▶ _What you need to do_
Below are some entries. Repeat exactly the lines from the one with "I have no idea" through the one with "IHC检测Ionotropic Glutamate receptor", and only those.

▶ _Exercise inputs_
····················
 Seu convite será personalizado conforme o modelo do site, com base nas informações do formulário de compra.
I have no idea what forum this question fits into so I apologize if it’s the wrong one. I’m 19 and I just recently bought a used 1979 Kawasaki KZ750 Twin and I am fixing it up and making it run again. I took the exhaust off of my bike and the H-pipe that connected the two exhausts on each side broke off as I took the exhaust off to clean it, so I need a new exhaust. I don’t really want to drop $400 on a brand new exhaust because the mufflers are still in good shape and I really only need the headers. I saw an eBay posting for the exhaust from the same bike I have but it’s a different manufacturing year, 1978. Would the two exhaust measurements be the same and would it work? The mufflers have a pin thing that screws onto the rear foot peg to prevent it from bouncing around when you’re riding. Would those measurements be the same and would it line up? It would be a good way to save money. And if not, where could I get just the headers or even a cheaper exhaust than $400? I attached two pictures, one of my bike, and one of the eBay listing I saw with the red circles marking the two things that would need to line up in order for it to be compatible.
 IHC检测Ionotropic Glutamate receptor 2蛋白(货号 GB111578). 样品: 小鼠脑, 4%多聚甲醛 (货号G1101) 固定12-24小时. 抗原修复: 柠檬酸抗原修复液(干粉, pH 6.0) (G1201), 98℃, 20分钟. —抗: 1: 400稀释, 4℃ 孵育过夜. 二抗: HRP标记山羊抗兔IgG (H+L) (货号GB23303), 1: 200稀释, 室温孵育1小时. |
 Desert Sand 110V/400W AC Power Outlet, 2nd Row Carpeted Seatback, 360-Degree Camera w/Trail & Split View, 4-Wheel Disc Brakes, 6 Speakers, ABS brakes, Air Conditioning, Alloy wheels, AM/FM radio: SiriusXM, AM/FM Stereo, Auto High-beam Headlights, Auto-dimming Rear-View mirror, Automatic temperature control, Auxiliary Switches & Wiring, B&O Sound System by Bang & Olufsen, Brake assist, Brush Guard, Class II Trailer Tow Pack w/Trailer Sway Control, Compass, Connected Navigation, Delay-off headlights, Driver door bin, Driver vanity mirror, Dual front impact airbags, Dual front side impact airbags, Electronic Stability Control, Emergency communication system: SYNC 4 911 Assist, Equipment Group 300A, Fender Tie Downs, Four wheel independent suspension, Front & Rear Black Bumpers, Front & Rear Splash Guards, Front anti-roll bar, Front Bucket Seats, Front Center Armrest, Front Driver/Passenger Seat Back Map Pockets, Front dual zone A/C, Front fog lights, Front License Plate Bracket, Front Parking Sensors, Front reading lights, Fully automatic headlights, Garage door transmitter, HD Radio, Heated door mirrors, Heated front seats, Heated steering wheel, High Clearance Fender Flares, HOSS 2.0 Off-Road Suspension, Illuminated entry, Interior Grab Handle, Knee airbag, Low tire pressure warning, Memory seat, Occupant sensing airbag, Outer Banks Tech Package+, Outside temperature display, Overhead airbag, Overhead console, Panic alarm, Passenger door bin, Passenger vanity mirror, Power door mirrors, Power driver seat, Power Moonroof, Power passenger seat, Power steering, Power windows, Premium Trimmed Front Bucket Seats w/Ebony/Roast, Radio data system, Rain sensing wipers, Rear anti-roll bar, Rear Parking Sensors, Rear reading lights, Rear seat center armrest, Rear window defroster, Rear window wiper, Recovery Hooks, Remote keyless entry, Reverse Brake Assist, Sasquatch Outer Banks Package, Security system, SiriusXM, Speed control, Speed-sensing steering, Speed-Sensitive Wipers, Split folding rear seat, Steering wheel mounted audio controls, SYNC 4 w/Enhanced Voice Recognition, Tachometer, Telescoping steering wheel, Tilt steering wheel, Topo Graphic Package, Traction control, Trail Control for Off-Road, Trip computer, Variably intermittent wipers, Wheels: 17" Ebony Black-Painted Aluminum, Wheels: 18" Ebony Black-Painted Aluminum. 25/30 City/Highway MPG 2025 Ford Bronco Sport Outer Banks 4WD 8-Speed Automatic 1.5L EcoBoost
····················
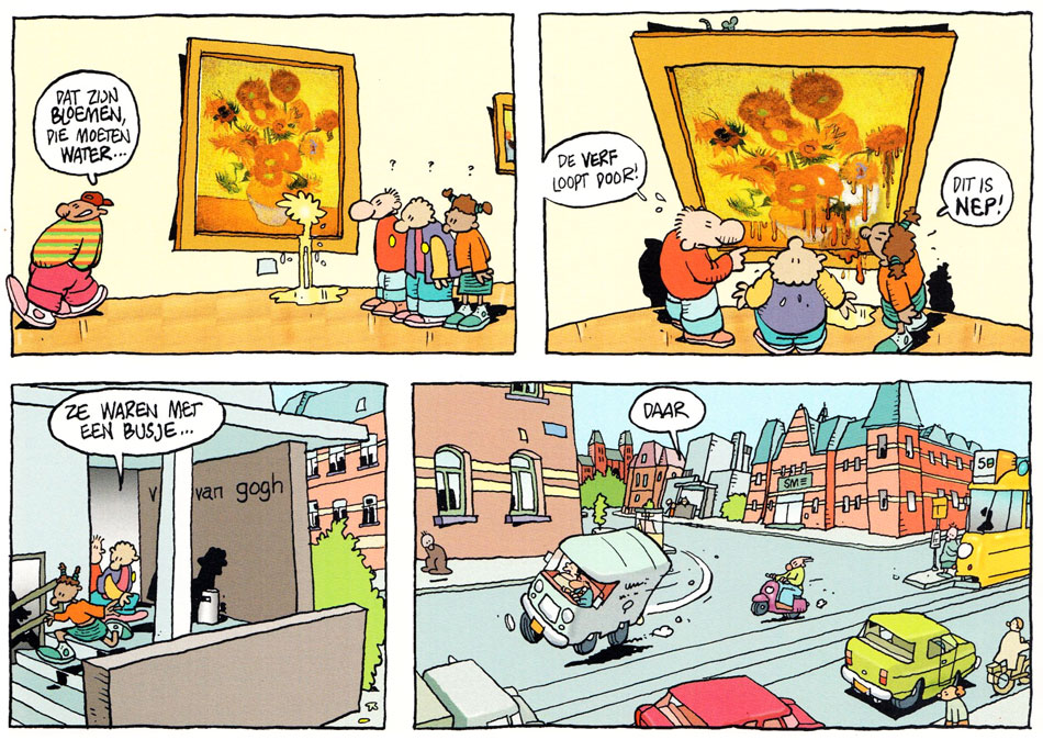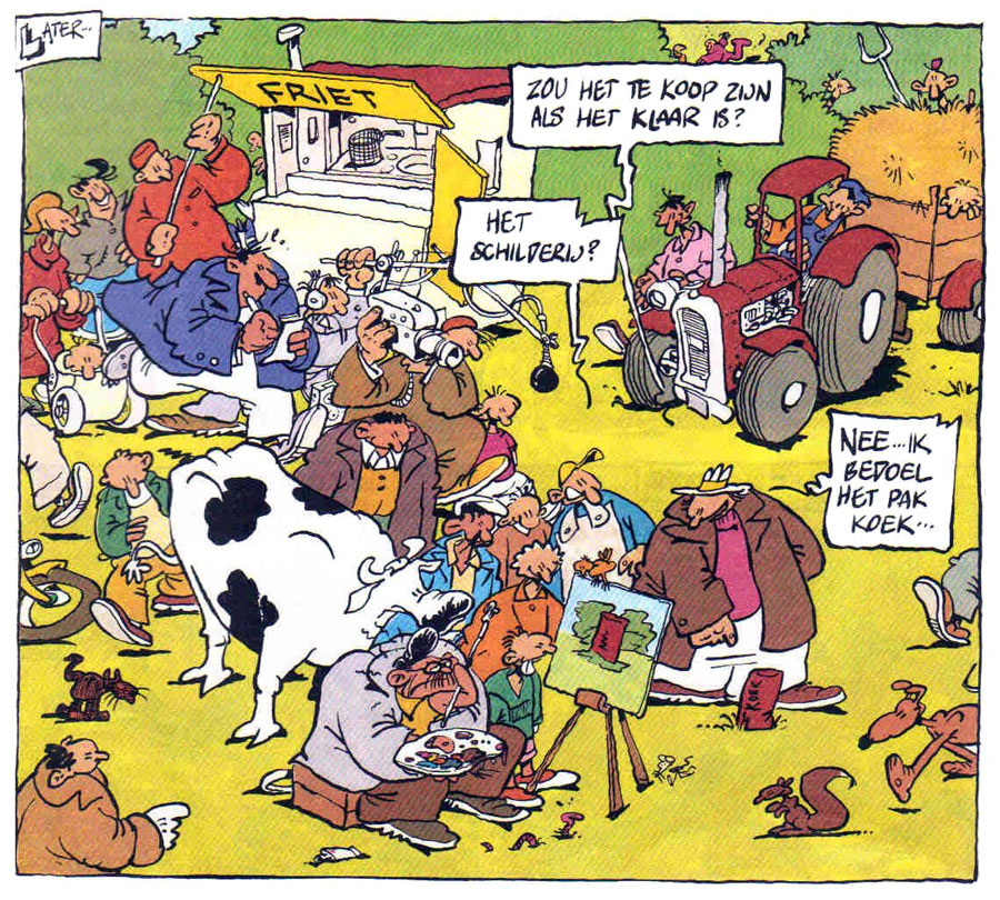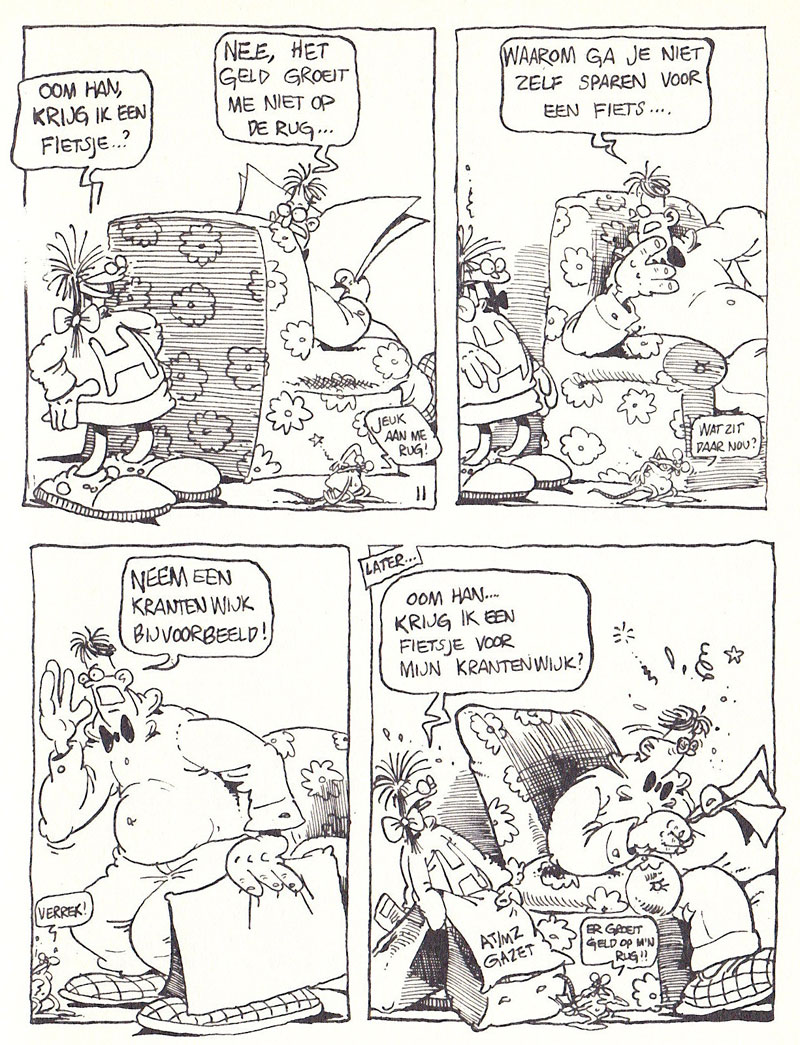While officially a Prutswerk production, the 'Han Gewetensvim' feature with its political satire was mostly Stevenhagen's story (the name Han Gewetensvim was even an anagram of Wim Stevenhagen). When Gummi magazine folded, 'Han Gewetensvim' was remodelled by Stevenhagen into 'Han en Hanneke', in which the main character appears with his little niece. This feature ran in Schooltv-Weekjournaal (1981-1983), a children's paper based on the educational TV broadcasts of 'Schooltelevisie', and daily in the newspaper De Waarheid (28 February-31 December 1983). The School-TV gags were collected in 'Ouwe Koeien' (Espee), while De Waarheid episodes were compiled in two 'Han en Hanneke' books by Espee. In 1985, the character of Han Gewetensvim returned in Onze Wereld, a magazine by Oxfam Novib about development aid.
····················
▶ _Response_
I have no idea what forum this question fits into so I apologize if it’s the wrong one. I’m 19 and I just recently bought a used 1979 Kawasaki KZ750 Twin and I am fixing it up and making it run again. I took the exhaust off of my bike and the H-pipe that connected the two exhausts on each side broke off as I took the exhaust off to clean it, so I need a new exhaust. I don’t really want to drop $400 on a brand new exhaust because the mufflers are still in good shape and I really only need the headers. I saw an eBay posting for the exhaust from the same bike I have but it’s a different manufacturing year, 1978. Would the two exhaust measurements be the same and would it work? The mufflers have a pin thing that screws onto the rear foot peg to prevent it from bouncing around when you’re riding. Would those measurements be the same and would it line up? It would be a good way to save money. And if not, where could I get just the headers or even a cheaper exhaust than $400? I attached two pictures, one of my bike, and one of the eBay listing I saw with the red circles marking the two things that would need to line up in order for it to be compatible.
 IHC检测Ionotropic Glutamate receptor 2蛋白(货号 GB111578). 样品: 小鼠脑, 4%多聚甲醛 (货号G1101) 固定12-24小时. 抗原修复: 柠檬酸抗原修复液(干粉, pH 6.0) (G1201), 98℃, 20分钟. —抗: 1: 400稀释, 4℃ 孵育过夜. 二抗: HRP标记山羊抗兔IgG (H+L) (货号GB23303), 1: 200稀释, 室温孵育1小时. |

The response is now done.